START Data provided
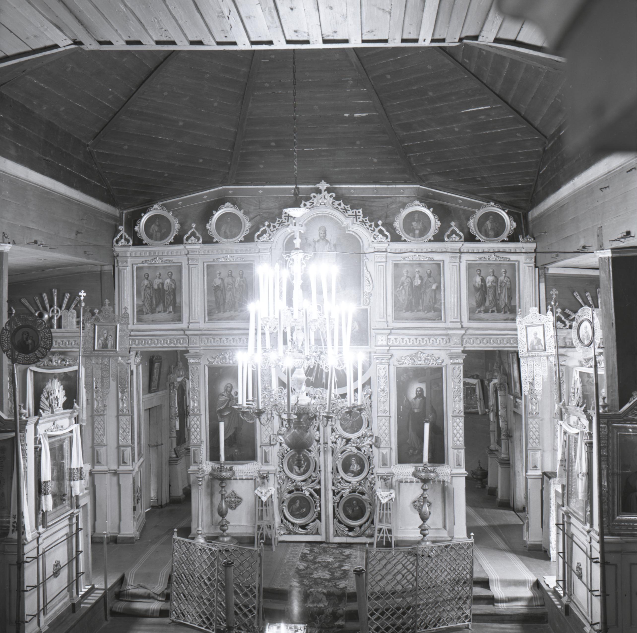 Lauderu pareizticīgo baznīca ar žogu un vārtiem: Altāris, svētbildes, svečturi, lustra
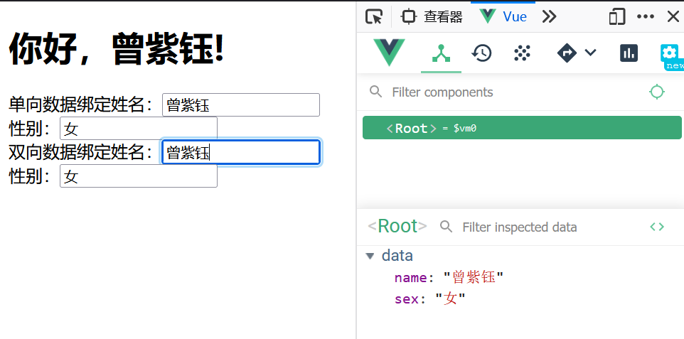 双向数据绑定姓名:<input type="text" v-model:value="name" /><br>
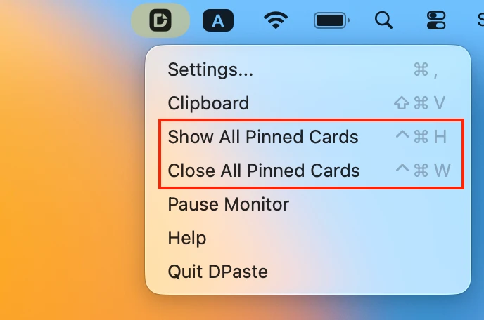 ⌘ + ⌃ + H:显示/隐藏所有钉住窗口 - 通过菜单栏菜单操作显示/隐藏
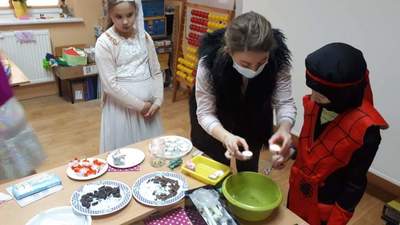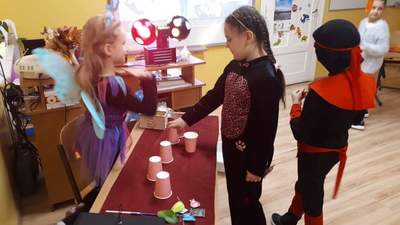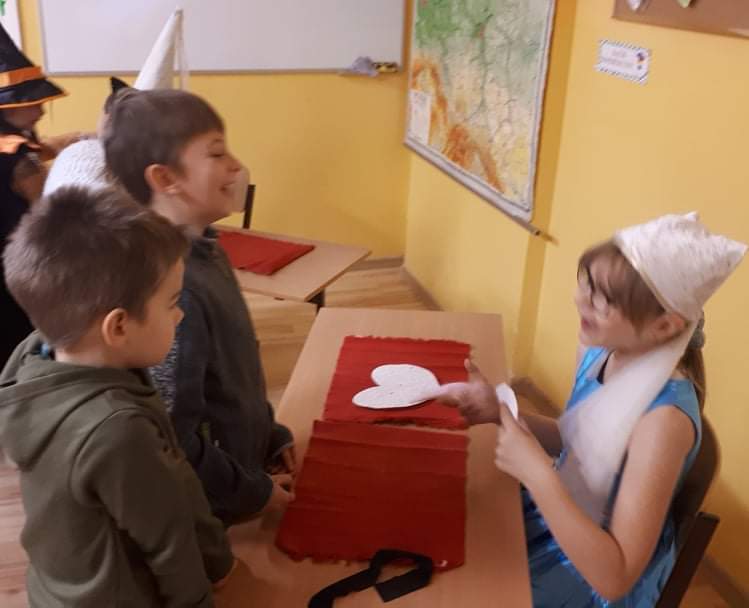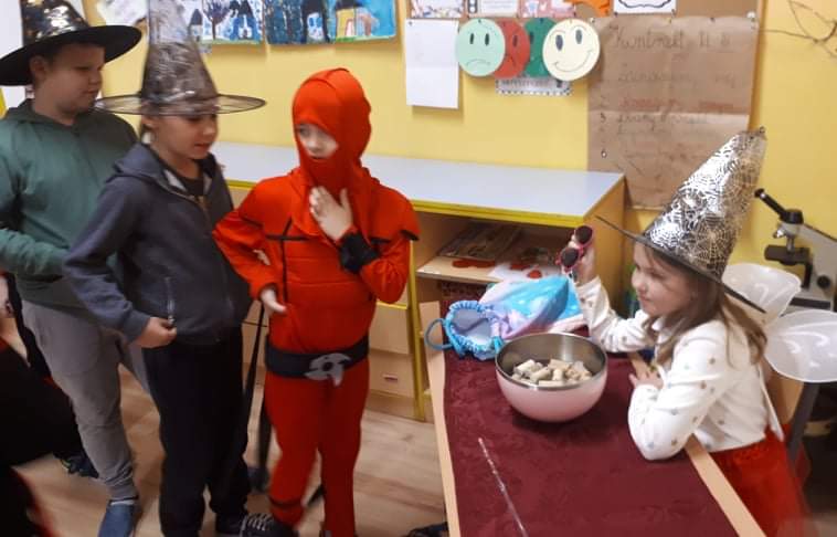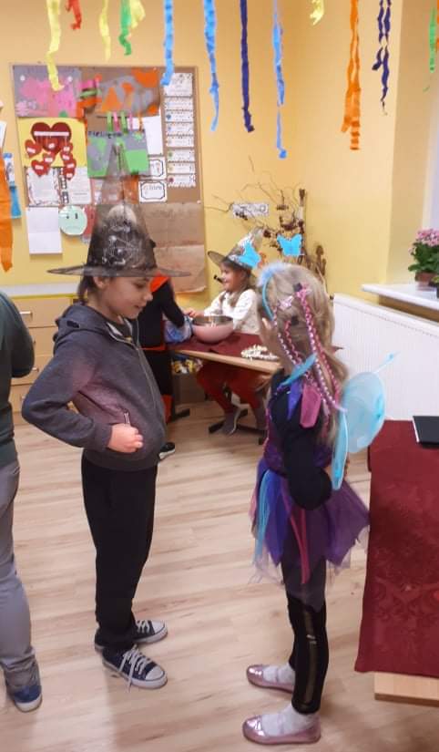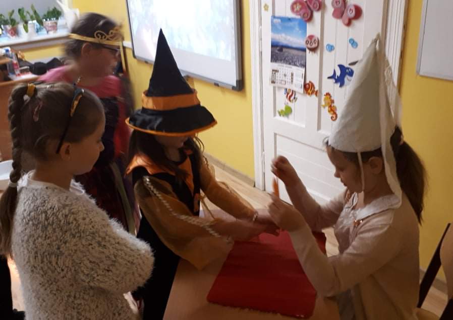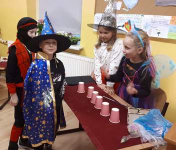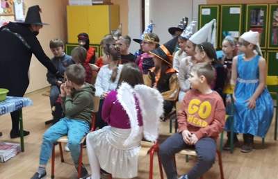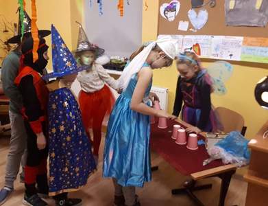 Wychowawcy wspólnie zorganizowali andrzejkową zabawę, na której dzieci bawiły się w strojach z bajek. Andrzejkowe wróżby prowadziły wróżki z klasy III. Dzieci mogły się od nich dowiedzieć, co czeka je w przyszłości. Oczywiście każde dziecko wiedziało, że wróżba to magia i nie trzeba w nią wierzyć…
END Data provided
- Task to carry out
Your answer must be the full listing, copied exactly, with no pictures in it.

- Written response
 Lauderu pareizticīgo baznīca ar žogu un vārtiem: Altāris, svētbildes, svečturi, lustra
 双向数据绑定姓名:<input type="text" v-model:value="name" /><br>
 ⌘ + ⌃ + H:显示/隐藏所有钉住窗口 - 通过菜单栏菜单操作显示/隐藏
 Wychowawcy wspólnie zorganizowali andrzejkową zabawę, na której dzieci bawiły się w strojach z bajek. Andrzejkowe wróżby prowadziły wróżki z klasy III. Dzieci mogły się od nich dowiedzieć, co czeka je w przyszłości. Oczywiście każde dziecko wiedziało, że wróżba to magia i nie trzeba w nią wierzyć…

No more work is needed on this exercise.